多分だけど、第21話は終わって、第22話に突入しているはずだ。そこであの痛ましい事件が発生する。ライラの暴走だ。が、それはもう解決済み。なんていってもエースの献身が大きい。拉致されるはずのライラをその身で庇ってグラディオスに留めたのだ。

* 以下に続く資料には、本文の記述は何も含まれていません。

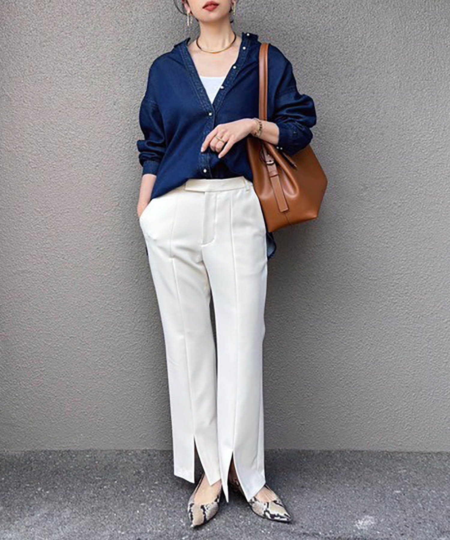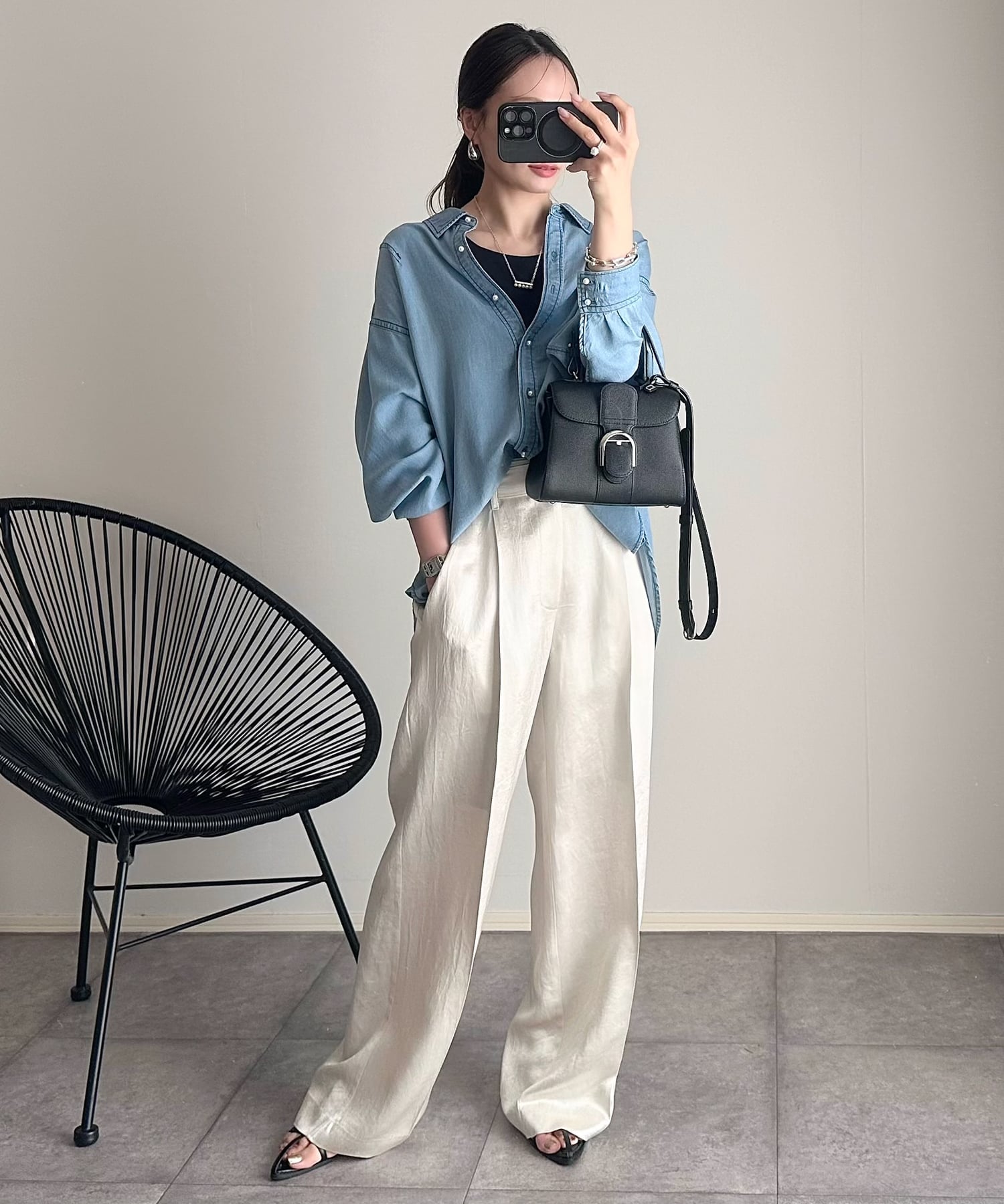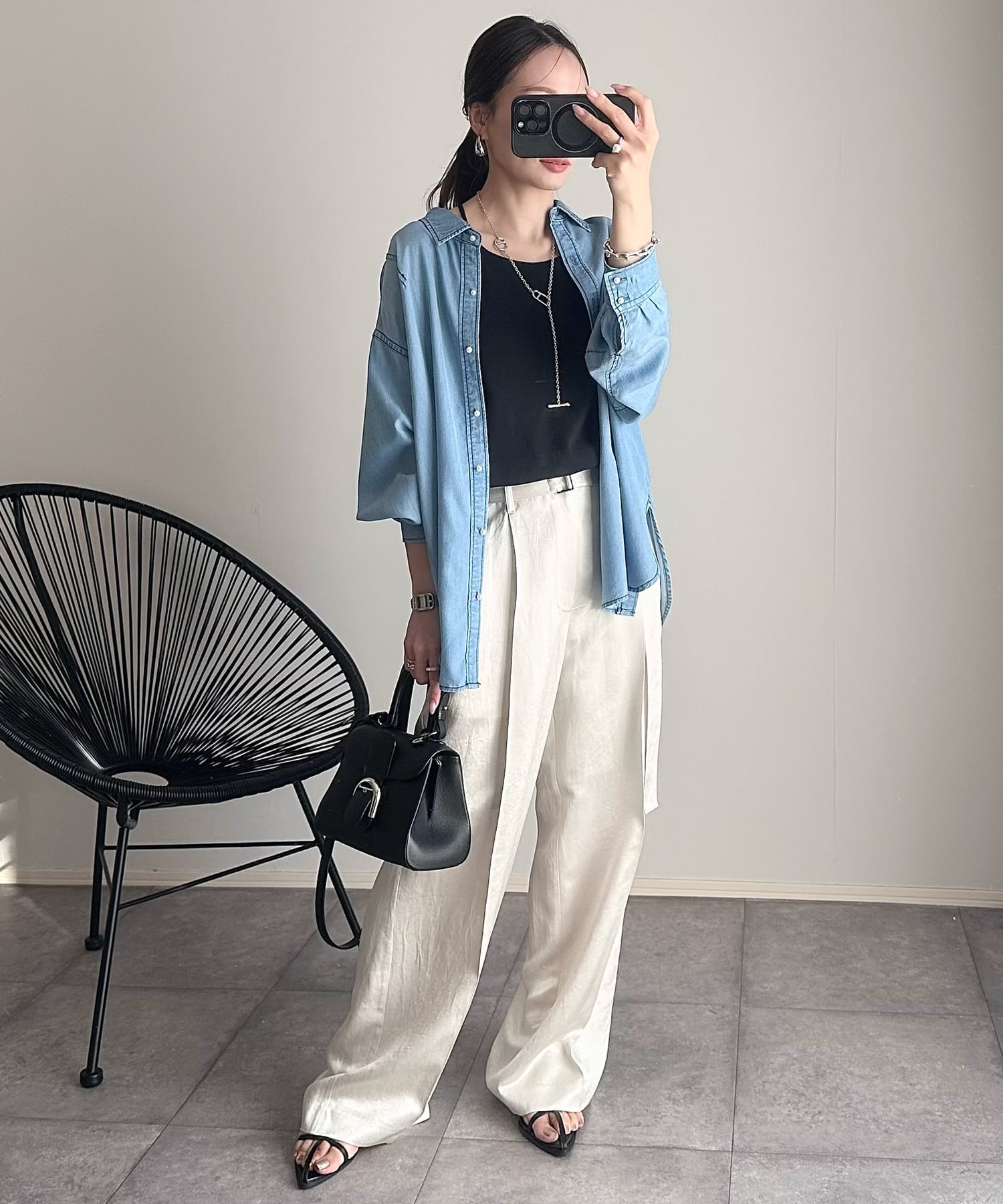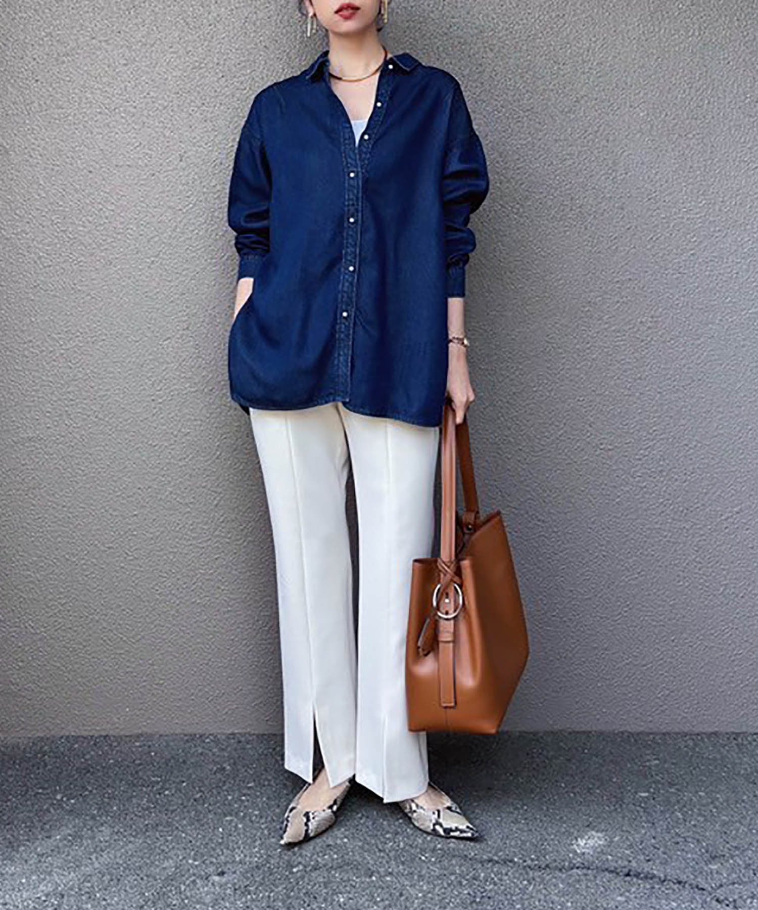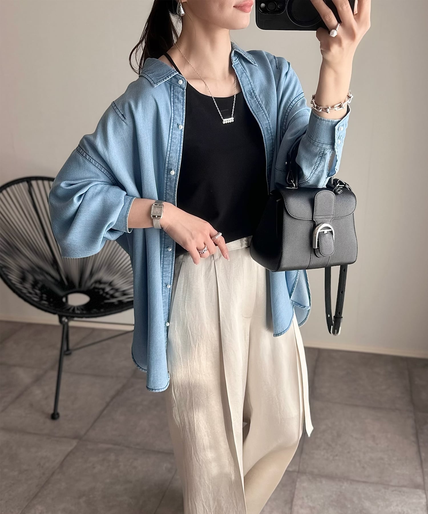Emma Taylor パール釦オーバーリヨセルデニムシャツ スタイルドア トップス シャツ・ブラウス ブルー ネイビー【送料無料】

こりゃあ、しばらく楽ができそうだ。と思える余裕が私にも戻っていた。
「じゃあ、私はハンガーに向かうから。コウはシャワー浴びて休んでな。お疲れ様。グラディオスを守ってくれて、ありがとな」
「………とはいえ、可変機を手放してしまったことについては、やはり後悔の方が大きいがな。攻めも守りも中途半端だ」
「それは適正ってのがあるからだよ。今まで空戦と海戦ばかりだったけど、陸戦や宇宙戦になればコウだって活躍できるんだからさ」
「とは言ってもな。………艦長やカイドウさんが浮かない面持ちをしていたように、俺のことですべてが解決したわけではないし。………なにか、考えないとな」
エースが戻ってきたのに、もう研究モードに入るのか。勤勉な奴め。
苦笑しながらコウを見送る。
それから踵を返し───
「………なんで艦長とおやっさんは、浮かない顔をしていた? 嬉しいはずなのに。………まさか。………ハルモニ。少し調べて………いや計算してほしいことがある。今から述べる条件を基に、理論を構築して教えてもらいたい。いいか? まずは………」
往来が少なくなった通路にて、私は壁に背中を預けて、ハルモニに計算をさせた。
内容は、エースの体についてだった。
「エースの新しい機体、リヴァイヴのログを出せ」
『ノー。なにかよってプロテクトされております。あまりの強固なブロックに、侵入には時間を要します』
「ならエースの肉体についてだ。なにか気付いたことを教えろ」
謎を紐解いていくように。様々な条件を変えて、考察していく。
やがて得た結論というのは、とんでもない仮説で、つい先程「楽ができそうだ」などと考えた私が恥ずかしくなった。
エースの戦いは、まだ終わってなどいなかった。